By analyzing existing cross correlation between Lyxor Japan UCITS and UBS Fund Solutions, you can compare the effects of market volatilities on Lyxor Japan and UBS Fund and check how they will diversify away market risk if combined in the same portfolio for a given time horizon. You can also utilize pair trading strategies of matching a long position in Lyxor Japan with a short position of UBS Fund. Check out your portfolio center. Please also check ongoing floating volatility patterns of Lyxor Japan and UBS Fund.

Diversification Opportunities for Lyxor Japan and UBS Fund

0.83
  Correlation Coefficient

Very poor diversification

The 3 months correlation between Lyxor and UBS is 0.83. Overlapping area represents the amount of risk that can be diversified away by holding Lyxor Japan UCITS and UBS Fund Solutions in the same portfolio, assuming nothing else is changed. The correlation between historical prices or returns on UBS Fund Solutions and Lyxor Japan is a relative statistical measure of the degree to which these equity instruments tend to move together. The correlation coefficient measures the extent to which returns on Lyxor Japan UCITS are associated (or correlated) with UBS Fund. Values of the correlation coefficient range from -1 to +1, where. The correlation of zero (0) is possible when the price movement of UBS Fund Solutions has no effect on the direction of Lyxor Japan i.e., Lyxor Japan and UBS Fund go up and down completely randomly.
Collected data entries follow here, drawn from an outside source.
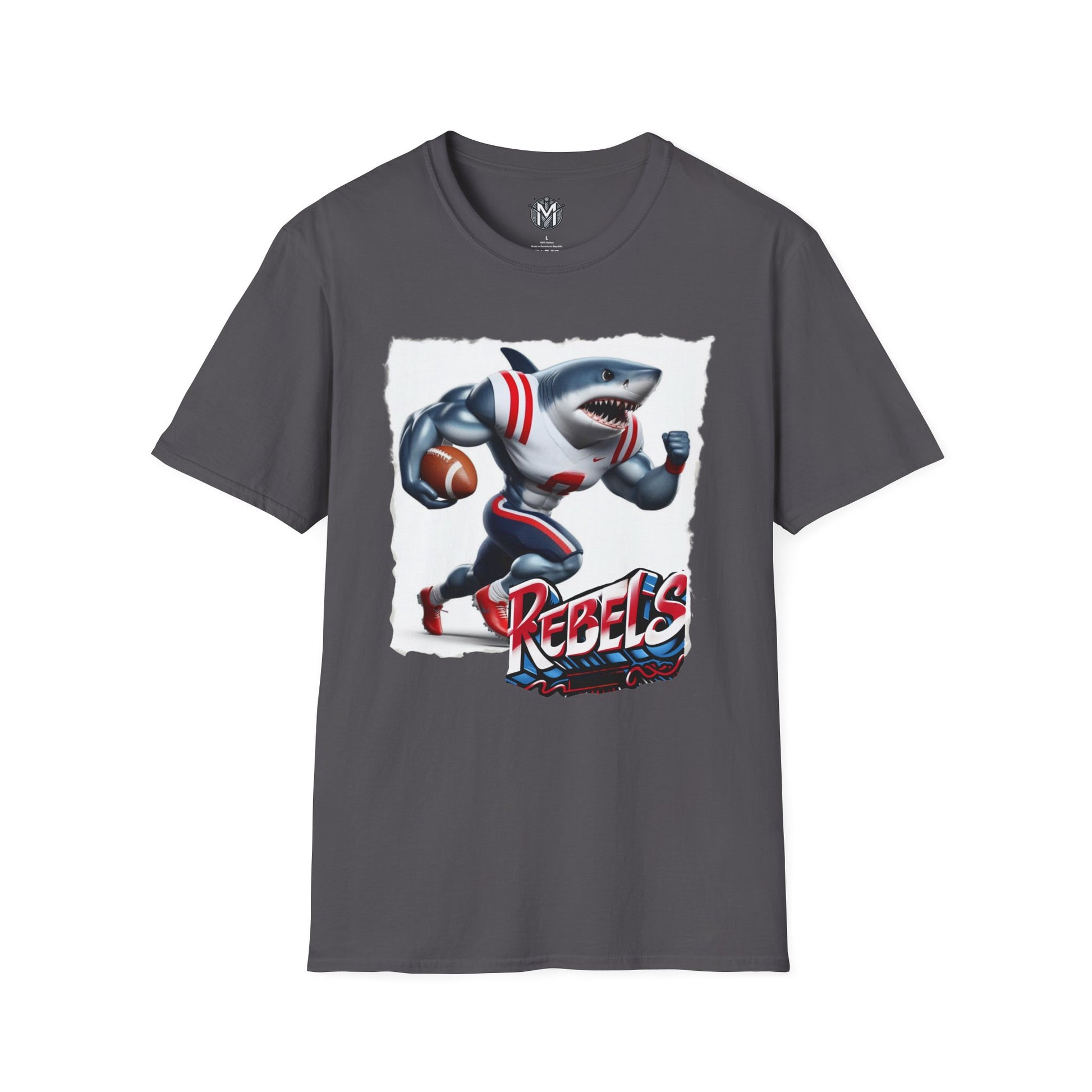 Show your team pride with this exclusive Ole Miss Rebels Mens College Football Graphic Tee. Featuring a dynamic illustration of the team’s mascot in action, complete with a football and bold “REBELS” text, this tee is perfect for game day or any day you want to support the Ole Miss Rebels. Made with comfortable and ethically sourced materials this t-shirt is designed to last. It’s a must-have for any dedicated Ole Miss Rebels fans and college football supporters.
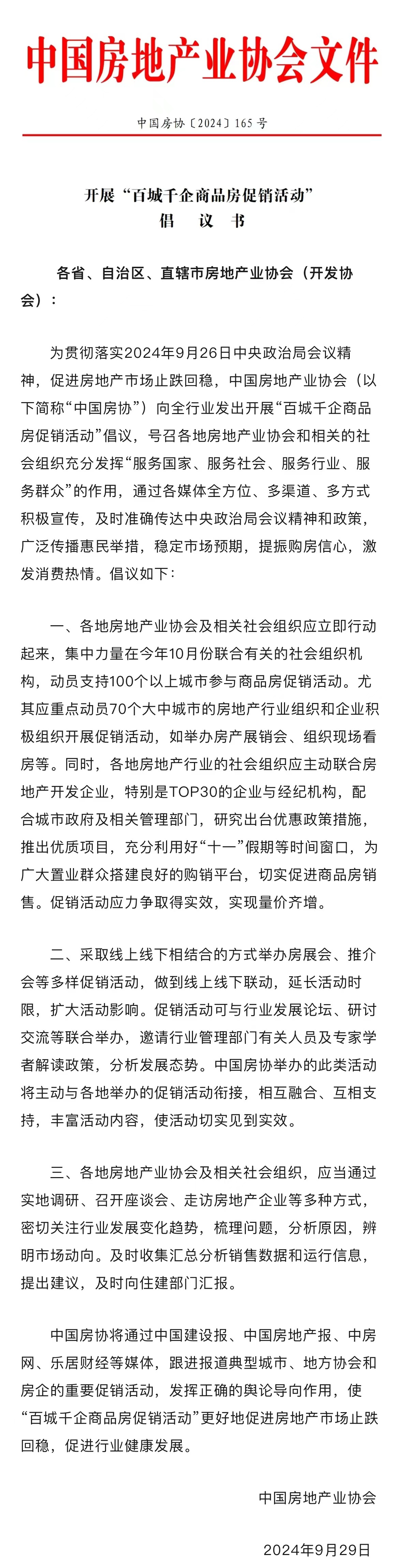 央廣網(wǎng)北京10月11日消息(記者安垚)據(jù)中國房地產(chǎn)業(yè)協(xié)會微信公眾號消息,為貫徹落實9月26日中央政治局會議精神,促進房地產(chǎn)市場止跌回穩(wěn),在住房和城鄉(xiāng)建設(shè)部的指導(dǎo)下,9月29日,中國房地產(chǎn)業(yè)協(xié)會(以下簡稱“中國房協(xié)”)發(fā)出開展“百城千企商品房促銷活動”倡議。
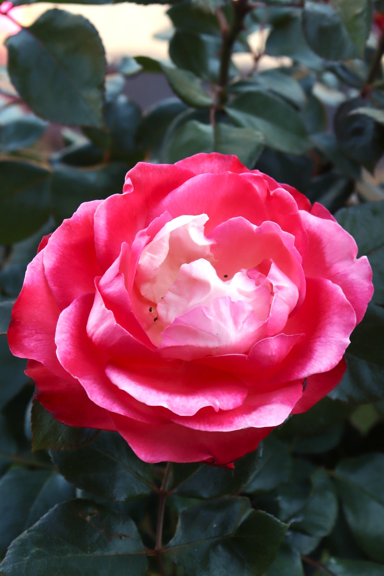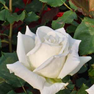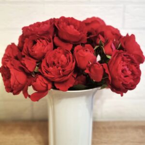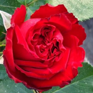 Nostalgie® to róża, która łączy klasyczny urok z wyrazistym kontrastem barw — kremowy środek płatków harmonizuje z ostrymi, wiśniowymi brzegami, które w miarę rozkwitu mogą delikatnie przechodzić w jasne kremowo-różowe tony.

Pair Corralation between Lyxor Japan and UBS Fund

Assuming the 90 days trading horizon Lyxor Japan UCITS is expected to generate 1.81 times more return on investment than UBS Fund. However, Lyxor Japan is 1.81 times more volatile than UBS Fund Solutions. It trades about 0.11 of its potential returns per unit of risk. UBS Fund Solutions is currently generating about 0.19 per unit of risk. If you would invest  2,474,500  in Lyxor Japan UCITS on September 13, 2024 and sell it today you would earn a total of  173,000  from holding Lyxor Japan UCITS or generate 6.99% return on investment over 90 days.
Time Period3 Months [change]
DirectionMoves Together 
StrengthStrong
Accuracy100.0%
ValuesDaily Returns

Lyxor Japan UCITS  vs.  UBS Fund Solutions

 Performance 
       Timeline  
Lyxor Japan UCITS 

Risk-Adjusted Performance

8 of 100

 
Weak
 
Strong
OK
Compared to the overall equity markets, risk-adjusted returns on investments in Lyxor Japan UCITS are ranked lower than 8 (%) of all global equities and portfolios over the last 90 days. In spite of comparatively abnormal basic indicators, Lyxor Japan may actually be approaching a critical reversion point that can send shares even higher in January 2025.
UBS Fund Solutions 

Risk-Adjusted Performance

14 of 100

 
Weak
 
Strong
Good
Compared to the overall equity markets, risk-adjusted returns on investments in UBS Fund Solutions are ranked lower than 14 (%) of all global equities and portfolios over the last 90 days. In spite of comparatively weak basic indicators, UBS Fund may actually be approaching a critical reversion point that can send shares even higher in January 2025.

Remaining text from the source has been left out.